How To Secure A Database
Databases contain organizations’ most critical assets. Whether personal identifiable information (PII) on employees, intellectual property on the business, financial information, competitive strategy, or private customer details, protecting these assets is vital to ensure compliance with growing government and industry data protection and security regulations, and for the well-being of the company’s reputation. Compromised databases and data breaches are often associated with heavy fines, not to mention remediation costs and lost consumer confidence.
What are the main challenges?
As organizations use more information to run their businesses, the volume of data and the number of databases continues to grow. Ensuring that diverse databases are protected in a consistent manner, no matter where they are hosted (on-premises, in the cloud, in multiple clouds, or in hybrid environments), becomes increasingly challenging. Securing the cryptographic keys that are used to encrypt and protect the confidentiality of data is critically important. This presents a key management challenge that is fundamental to ensure a sound database security strategy. Scalable key management enables organizations to control encryption keys across databases, protecting the organization’s most sensitive assets and facilitating regulatory compliance.
How to secure a database
To effectively secure databases, organizations need to apply various tools and technologies. The objective is to protect the confidentiality and integrity of the data, ensure it is only available to those users and applications that are authorized to have access, and keep everyone/everything else from accessing the data even if perimeter defenses fail. Therefore, organizations should view database security as building blocks necessary to help them control user access and protect critical data at rest, in transit, and in use while facilitating regulatory compliance.
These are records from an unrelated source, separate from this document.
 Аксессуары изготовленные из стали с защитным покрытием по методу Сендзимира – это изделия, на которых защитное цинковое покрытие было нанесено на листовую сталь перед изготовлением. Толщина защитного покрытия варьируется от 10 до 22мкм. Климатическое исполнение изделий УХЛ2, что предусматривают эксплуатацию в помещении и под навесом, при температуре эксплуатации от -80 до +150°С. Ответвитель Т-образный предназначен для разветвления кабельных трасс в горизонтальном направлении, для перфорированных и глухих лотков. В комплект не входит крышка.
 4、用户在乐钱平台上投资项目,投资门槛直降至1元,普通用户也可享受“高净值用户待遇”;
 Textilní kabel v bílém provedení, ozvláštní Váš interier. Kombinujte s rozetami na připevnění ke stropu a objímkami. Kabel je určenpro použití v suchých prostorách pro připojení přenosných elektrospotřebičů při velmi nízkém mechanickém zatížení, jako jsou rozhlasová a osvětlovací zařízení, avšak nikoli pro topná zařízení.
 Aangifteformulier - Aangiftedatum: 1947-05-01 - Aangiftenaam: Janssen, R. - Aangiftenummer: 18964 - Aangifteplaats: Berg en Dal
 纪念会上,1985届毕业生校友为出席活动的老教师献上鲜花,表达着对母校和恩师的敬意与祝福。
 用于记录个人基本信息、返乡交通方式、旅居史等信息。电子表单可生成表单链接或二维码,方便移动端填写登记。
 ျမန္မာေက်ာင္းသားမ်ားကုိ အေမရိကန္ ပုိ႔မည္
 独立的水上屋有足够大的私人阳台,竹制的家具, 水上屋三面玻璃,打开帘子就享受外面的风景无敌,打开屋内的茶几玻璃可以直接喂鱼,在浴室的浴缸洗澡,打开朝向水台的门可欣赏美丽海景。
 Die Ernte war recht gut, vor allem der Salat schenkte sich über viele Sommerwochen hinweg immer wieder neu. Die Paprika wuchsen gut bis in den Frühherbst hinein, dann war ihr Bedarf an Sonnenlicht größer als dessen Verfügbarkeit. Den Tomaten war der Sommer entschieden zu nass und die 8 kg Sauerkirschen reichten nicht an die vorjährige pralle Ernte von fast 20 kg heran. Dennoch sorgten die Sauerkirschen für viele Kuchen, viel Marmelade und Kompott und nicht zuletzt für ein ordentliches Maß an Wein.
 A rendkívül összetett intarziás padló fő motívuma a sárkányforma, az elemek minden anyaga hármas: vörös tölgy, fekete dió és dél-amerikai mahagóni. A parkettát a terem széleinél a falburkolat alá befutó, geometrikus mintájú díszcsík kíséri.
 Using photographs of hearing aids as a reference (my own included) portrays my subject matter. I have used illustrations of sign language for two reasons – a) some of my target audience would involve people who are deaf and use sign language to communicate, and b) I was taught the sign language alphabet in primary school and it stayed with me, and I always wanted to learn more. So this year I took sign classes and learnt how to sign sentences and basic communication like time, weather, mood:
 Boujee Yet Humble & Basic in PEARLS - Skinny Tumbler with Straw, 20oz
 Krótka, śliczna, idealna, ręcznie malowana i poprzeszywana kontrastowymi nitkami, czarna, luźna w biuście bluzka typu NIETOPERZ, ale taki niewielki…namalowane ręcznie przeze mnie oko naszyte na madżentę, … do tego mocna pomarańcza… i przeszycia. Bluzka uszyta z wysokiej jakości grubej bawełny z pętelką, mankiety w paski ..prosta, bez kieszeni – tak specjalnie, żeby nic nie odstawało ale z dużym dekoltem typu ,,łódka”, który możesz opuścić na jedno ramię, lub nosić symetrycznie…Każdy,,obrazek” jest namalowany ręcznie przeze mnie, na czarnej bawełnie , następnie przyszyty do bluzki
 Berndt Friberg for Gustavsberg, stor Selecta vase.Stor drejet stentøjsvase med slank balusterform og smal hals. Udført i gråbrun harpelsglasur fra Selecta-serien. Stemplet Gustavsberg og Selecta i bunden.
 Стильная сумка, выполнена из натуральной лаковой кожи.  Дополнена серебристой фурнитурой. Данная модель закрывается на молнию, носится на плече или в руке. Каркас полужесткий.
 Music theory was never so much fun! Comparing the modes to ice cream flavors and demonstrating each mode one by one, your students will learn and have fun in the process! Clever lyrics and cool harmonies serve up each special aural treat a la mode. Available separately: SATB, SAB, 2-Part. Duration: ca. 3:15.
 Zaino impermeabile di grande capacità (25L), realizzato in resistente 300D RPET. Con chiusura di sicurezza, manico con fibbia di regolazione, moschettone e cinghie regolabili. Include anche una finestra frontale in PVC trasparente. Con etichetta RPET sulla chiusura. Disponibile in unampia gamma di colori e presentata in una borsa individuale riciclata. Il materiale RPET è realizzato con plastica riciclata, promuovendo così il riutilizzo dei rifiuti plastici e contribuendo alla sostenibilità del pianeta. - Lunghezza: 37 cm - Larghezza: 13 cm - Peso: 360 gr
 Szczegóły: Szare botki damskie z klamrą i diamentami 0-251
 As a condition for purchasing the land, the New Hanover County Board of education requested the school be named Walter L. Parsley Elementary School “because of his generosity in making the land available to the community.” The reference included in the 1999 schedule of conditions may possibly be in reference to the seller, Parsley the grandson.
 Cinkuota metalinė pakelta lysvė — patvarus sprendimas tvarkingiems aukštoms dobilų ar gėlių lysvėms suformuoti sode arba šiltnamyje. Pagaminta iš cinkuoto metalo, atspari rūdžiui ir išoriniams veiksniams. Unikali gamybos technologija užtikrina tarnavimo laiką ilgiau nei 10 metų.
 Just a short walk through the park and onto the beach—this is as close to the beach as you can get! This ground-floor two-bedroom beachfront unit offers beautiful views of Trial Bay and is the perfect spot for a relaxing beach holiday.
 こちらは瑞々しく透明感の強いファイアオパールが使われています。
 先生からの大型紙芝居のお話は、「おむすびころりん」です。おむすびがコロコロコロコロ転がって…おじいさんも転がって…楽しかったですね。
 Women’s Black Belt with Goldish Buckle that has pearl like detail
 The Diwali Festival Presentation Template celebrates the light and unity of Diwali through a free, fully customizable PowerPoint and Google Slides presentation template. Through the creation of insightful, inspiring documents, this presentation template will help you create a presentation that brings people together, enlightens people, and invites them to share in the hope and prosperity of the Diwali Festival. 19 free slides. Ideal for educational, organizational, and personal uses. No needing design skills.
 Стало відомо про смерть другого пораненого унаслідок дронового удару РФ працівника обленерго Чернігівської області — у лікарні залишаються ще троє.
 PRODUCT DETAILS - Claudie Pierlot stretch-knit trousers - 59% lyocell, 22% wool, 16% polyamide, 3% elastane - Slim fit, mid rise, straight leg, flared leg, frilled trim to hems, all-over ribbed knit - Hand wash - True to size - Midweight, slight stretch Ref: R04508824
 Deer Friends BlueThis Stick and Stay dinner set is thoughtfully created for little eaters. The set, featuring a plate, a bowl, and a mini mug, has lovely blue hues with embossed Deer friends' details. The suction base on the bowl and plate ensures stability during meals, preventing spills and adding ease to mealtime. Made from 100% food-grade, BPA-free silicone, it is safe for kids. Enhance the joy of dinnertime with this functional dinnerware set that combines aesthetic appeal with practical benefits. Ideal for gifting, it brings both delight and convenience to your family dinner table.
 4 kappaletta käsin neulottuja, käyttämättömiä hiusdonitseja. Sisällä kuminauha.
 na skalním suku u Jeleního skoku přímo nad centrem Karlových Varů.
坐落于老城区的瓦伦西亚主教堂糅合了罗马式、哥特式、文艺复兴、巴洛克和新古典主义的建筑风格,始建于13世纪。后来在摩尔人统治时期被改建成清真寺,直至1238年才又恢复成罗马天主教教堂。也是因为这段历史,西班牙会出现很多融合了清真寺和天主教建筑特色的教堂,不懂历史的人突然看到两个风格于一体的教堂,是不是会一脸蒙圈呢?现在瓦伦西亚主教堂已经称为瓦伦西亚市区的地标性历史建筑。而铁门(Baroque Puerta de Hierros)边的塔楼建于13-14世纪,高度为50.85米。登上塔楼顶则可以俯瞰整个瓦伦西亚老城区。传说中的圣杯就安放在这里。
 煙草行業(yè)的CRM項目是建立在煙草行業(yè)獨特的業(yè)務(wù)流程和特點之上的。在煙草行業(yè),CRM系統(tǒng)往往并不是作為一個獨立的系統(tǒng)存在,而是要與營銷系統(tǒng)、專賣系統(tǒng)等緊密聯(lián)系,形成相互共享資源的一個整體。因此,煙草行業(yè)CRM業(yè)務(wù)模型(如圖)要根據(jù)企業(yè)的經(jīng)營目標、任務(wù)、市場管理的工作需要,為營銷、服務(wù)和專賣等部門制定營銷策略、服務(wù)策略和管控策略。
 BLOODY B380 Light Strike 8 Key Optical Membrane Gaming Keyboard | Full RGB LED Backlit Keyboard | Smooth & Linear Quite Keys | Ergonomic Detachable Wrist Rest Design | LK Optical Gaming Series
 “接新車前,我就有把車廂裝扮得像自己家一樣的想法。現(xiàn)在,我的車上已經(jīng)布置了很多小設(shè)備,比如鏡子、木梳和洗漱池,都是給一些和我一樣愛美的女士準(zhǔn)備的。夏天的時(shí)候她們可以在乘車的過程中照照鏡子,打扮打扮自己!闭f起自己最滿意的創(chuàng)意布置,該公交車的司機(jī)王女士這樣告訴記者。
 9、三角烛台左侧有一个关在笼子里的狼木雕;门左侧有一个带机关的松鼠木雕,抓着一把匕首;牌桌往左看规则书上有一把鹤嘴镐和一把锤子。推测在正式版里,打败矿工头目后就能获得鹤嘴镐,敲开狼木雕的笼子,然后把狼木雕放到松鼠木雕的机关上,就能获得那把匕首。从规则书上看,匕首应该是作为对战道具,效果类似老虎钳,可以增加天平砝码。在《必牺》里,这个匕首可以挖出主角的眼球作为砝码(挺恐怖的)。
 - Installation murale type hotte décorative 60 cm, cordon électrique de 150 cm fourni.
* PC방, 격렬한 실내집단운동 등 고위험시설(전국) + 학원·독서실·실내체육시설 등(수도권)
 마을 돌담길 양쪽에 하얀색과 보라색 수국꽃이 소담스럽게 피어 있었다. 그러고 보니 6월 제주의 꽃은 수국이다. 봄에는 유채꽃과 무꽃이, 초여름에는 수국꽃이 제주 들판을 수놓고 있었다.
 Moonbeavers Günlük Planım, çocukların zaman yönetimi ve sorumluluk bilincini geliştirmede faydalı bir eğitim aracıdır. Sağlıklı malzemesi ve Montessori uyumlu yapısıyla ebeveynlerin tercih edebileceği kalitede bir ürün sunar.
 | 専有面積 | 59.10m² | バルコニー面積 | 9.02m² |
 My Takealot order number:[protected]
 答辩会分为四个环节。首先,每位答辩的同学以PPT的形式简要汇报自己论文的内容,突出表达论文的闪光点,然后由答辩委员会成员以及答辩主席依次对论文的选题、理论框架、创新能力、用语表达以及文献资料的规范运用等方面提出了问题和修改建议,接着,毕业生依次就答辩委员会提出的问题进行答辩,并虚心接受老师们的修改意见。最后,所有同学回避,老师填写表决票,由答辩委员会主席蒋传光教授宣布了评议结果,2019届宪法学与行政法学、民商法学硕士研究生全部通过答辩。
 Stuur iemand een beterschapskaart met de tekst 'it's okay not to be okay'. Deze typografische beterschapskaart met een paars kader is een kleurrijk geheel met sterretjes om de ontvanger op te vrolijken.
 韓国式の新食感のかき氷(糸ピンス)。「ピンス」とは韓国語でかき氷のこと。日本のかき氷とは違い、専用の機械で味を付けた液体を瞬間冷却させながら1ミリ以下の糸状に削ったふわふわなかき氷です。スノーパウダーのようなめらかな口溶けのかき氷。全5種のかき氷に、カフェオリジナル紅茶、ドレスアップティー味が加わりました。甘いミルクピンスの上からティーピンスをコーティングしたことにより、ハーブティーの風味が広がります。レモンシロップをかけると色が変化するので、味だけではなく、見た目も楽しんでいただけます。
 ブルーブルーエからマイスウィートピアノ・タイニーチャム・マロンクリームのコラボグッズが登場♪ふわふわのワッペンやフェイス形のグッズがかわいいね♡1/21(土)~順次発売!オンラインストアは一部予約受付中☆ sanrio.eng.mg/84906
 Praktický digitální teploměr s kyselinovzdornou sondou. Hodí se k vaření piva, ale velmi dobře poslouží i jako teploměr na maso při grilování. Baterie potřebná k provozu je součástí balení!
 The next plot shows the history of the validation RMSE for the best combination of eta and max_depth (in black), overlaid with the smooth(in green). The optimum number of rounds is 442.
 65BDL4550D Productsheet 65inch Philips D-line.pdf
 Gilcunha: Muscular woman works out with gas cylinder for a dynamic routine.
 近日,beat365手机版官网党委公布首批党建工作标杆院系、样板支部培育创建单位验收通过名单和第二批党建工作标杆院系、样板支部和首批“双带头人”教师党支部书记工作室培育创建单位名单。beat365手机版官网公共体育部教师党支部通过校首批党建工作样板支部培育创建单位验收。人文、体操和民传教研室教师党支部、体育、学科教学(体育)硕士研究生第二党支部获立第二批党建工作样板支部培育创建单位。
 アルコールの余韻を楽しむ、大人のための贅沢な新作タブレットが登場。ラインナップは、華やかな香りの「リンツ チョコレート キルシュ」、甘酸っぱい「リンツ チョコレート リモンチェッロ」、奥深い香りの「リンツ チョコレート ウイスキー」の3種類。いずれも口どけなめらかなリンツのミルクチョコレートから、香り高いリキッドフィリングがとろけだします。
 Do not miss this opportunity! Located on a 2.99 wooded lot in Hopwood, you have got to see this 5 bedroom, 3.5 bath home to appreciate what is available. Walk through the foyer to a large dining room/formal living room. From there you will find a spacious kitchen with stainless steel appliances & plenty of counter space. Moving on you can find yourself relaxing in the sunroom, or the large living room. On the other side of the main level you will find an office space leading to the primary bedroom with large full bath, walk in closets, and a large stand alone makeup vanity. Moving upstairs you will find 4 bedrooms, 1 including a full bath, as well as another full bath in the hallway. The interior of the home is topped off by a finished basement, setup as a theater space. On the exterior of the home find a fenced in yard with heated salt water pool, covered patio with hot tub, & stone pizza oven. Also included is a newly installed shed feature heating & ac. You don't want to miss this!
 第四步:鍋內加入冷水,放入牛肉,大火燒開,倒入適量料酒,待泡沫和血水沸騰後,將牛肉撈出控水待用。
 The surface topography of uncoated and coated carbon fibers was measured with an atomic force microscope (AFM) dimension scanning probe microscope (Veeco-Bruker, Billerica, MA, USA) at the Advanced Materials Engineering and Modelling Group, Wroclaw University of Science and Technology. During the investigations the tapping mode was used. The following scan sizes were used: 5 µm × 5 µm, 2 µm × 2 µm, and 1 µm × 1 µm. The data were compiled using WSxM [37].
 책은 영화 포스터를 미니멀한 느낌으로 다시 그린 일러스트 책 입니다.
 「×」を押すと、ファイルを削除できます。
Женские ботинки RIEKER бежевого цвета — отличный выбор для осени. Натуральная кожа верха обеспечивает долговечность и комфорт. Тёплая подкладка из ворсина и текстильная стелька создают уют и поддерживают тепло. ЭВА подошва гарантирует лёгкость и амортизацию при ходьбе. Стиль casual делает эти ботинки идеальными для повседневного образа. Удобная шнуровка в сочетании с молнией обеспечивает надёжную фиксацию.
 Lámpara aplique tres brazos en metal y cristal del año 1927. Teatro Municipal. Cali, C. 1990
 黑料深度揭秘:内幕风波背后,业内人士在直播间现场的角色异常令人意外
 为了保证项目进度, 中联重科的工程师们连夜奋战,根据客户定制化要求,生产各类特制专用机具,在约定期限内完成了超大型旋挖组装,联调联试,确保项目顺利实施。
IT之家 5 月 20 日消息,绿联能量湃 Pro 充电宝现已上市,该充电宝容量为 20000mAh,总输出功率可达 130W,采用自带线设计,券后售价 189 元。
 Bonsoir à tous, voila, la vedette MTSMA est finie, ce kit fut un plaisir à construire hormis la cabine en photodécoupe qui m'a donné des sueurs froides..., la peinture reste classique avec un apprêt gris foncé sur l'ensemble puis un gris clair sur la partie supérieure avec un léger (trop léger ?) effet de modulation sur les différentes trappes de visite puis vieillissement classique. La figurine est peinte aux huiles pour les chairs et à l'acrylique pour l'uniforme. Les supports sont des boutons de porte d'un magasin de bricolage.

There are six different security options when protecting data that resides within a database. Data can be protected at the storage level, the file system, the actual database schema, the application level, the proxy, or at an end-user application.
Storage-level encryption
Storage-level encryption includes self-encrypting drives (SEDs) that provide a mechanism to protect the confidentiality of the data. Commercial SEDs are generally built to standards like the Key Management Interoperability Protocol (KMIP), so cryptographic keys can be managed externally in a consistent manner. Storage-level solutions are typically low-cost and easy to implement and maintain. However, they only protect against loss of physical data storage.
File-level encryption
File-level encryption includes native operating system solutions like Microsoft BitLocker or Linux LUKS, which can also be augmented with external encryption capabilities. Depending on the solution, they can also protect against privileged users. External solutions are operating system-dependent and can be more difficult to use.
Database-level encryption
Database-level encryption is where established vendors like Microsoft SQL, Oracle MySQL, and others provide transparent database encryption (TDE) on premises, and in the cloud with AWS, GCP, Microsoft Azure, and Oracle Cloud, among others. This level provides good protection against data loss, but typically has weak key management. Third-party key managers can be used to enhance this capability.
Application-level encryption
Application-level encryption can be enabled using technologies such as tokenization and format-preserving encryption to protect data without changing structure. These mechanisms provide high security and do not require changes to be made to applications but are typically customized by nature and more difficult to implement.
Proxy-layer encryption
Proxy-layer encryption provides a transparent interface between the user and the web application handling the data. It typically provides robust security without the need for a change in application. However, it is a single point of failure, and performance and scalability can be complex.
End user applications encryption
End user applications encryption offers the highest level of protection with end-to-end security, but needs dedicated interfaces, making it harder to implement.
Best practices
It is important to have the ability to address database security on multiple fronts. Consolidating diverse databases' and data stores’ key management capabilities protects data from exposure and protects the organization from liabilities. To manage, rotate, and share encryption keys securely centralized key management should be compliant with KMIP for easy deployment. For databases running in the cloud, greater control over the keys and the data can be achieved with a bring your own key (BYOK) approach that allows the organization to generate, manage, and use its own encryption keys across cloud service providers. Key management solutions should always isolate keys from the encrypted data to reduce risk and ensure compliance. Hardware security modules (HSMs) provide a root of trust for the generation, protection, and lifecycle management of database encryption keys. Applying consistent security policies across all databases helps mitigate error-prone manual practices. Managing user and application access ensures data is only available to authorized entities. And establishing consistent security policies facilitates auditing and compliance with data protection regulations and industry mandates.
Data protection legislation such as the General Data Protection Regulation (GDPR) and the California Consumer Privacy Act (CCPA), as well as industry standards such as the Payment Card Industry Data Security Standard (PCI DSS) specifically require encryption as a mechanism to protect sensitive data.